Saturday, July 28, 2007

A Frightening Diagnosis

My life has been turned upside down. I was recently diagnosed with ulcerative colitis, which is 'a nonspecific inflammatory disease of the colon that is of unknown cause and is characterized by diarrhea with discharge of mucus and blood, cramping abdominal pain and inflammation and edema of the mucous membrane with patches of ulceration.' Got that out of a medical dictionary. Sounds gross, huh? It's gross, frightening and very painful. It's a disease that no one wants to talk about or hear about. That's the reason I started this blog. Hopefully, by posting about my experiences with this disease, I will help myself and other people who have this disease cope with it better. Yeah, there are sites out there that tell you about treatments and such, but I haven't found any that help someone cope with the day to day struggles of the disease. UC is different from other diseases because of the area of the body it affects. It's a part of the body no one wants to talk about, but for me it is the worst part of the body to harbor a disease.

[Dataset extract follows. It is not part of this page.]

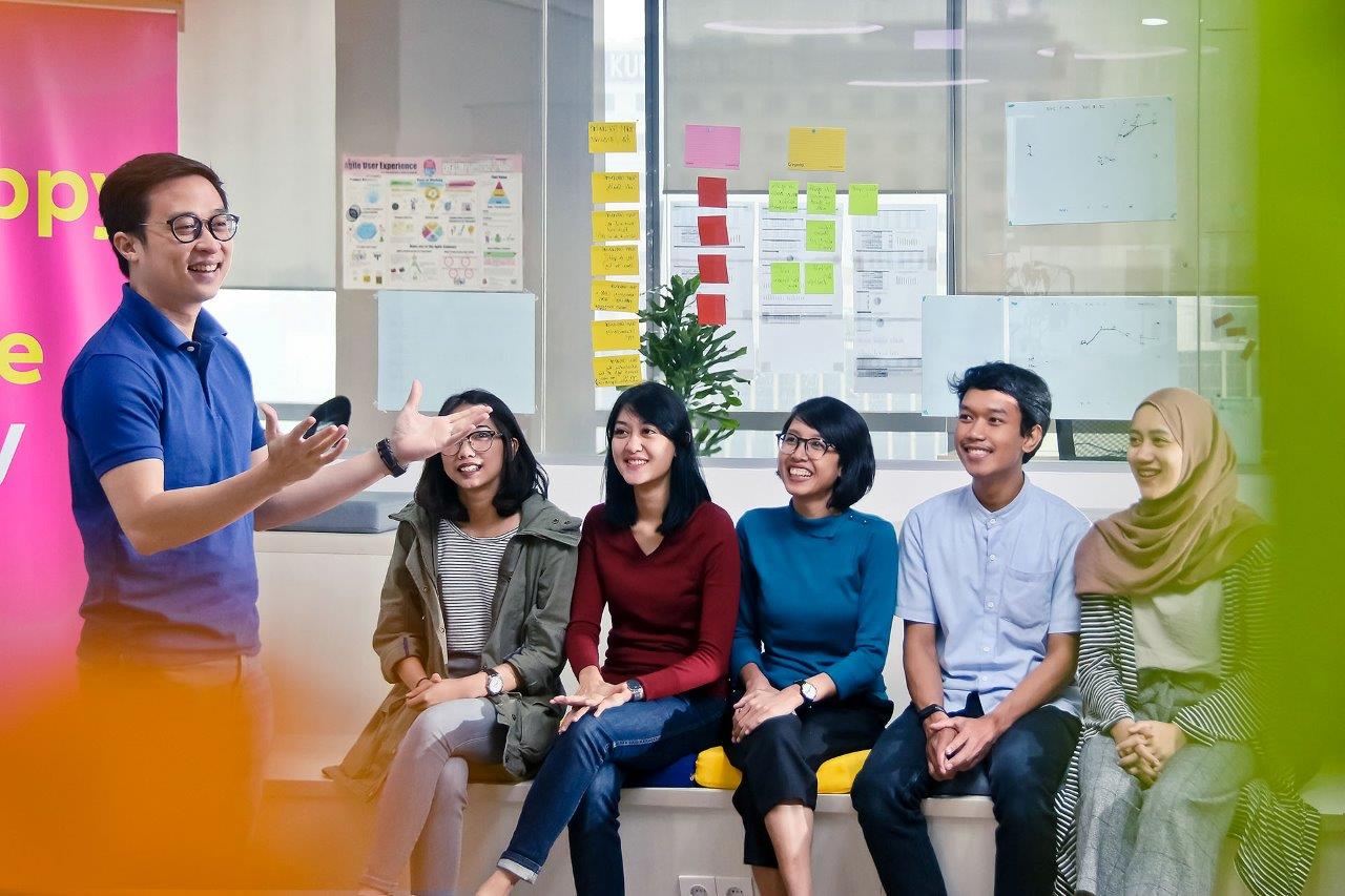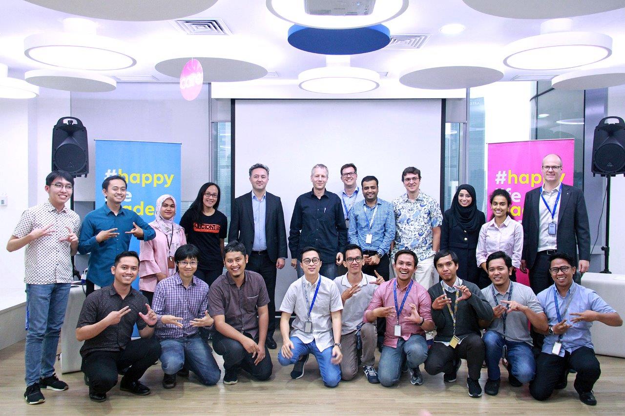 Joos Louwerier, Country Manager & Direktur Utama Allianz Life Indonesia (kanan), foto bersama dengan karyawan dari lintas departemen yang bekerja dan berkolaborasi di Allianz Innovation Lab untuk menciptakan solusi dan inovasi baru bagi para mitra bisnis dan nasabah di Jakarta, Jumat (9/11/2018). Allianz Indonesia telah menerapkan aturan berbusana santai dan jam kerja fleksibel sehingga karyawan dapat memiliki keseimbangan antara pekerjaan dan kehidupan pribadi serta merasakan lingkungan yang lebih kreatif maupun suasana kerja yang lebih menyenangkan. AKTUAL/Dok Allianz

My first reaction to the diagnosis was fear. Because of UC I have a chance of getting colon cancer. I will have to have colonoscopies every few years for the rest of my life. My future looks grim. I am a relatively young person so I will be dealing with this for a long time unless fate has other plans for me. How do you deal with fear? I try not to dwell on what is happening to me, but then it will sneak up on me when I least expect it and I feel like I am going to freak out. My biggest fear right now is that I am unable to work. Right now I am a self-employed writer and I want to get a part time job to help with the bills, but I am not responding to the medication and have to have another colonoscopy. This makes me feel like I should wait until I get my condition under control before seeking employment, but what if I never get it under control? What then? I used to be a healthy, active woman and this really scares me. I am fortunate to have an understanding husband and family, but what if something happens to him or he loses his job? This is a first for me because I was always able to take care of myself. I suppose freaking out will not help me either so I must try to get through the next month or so and see what happens. It actually does feel better to write it all down.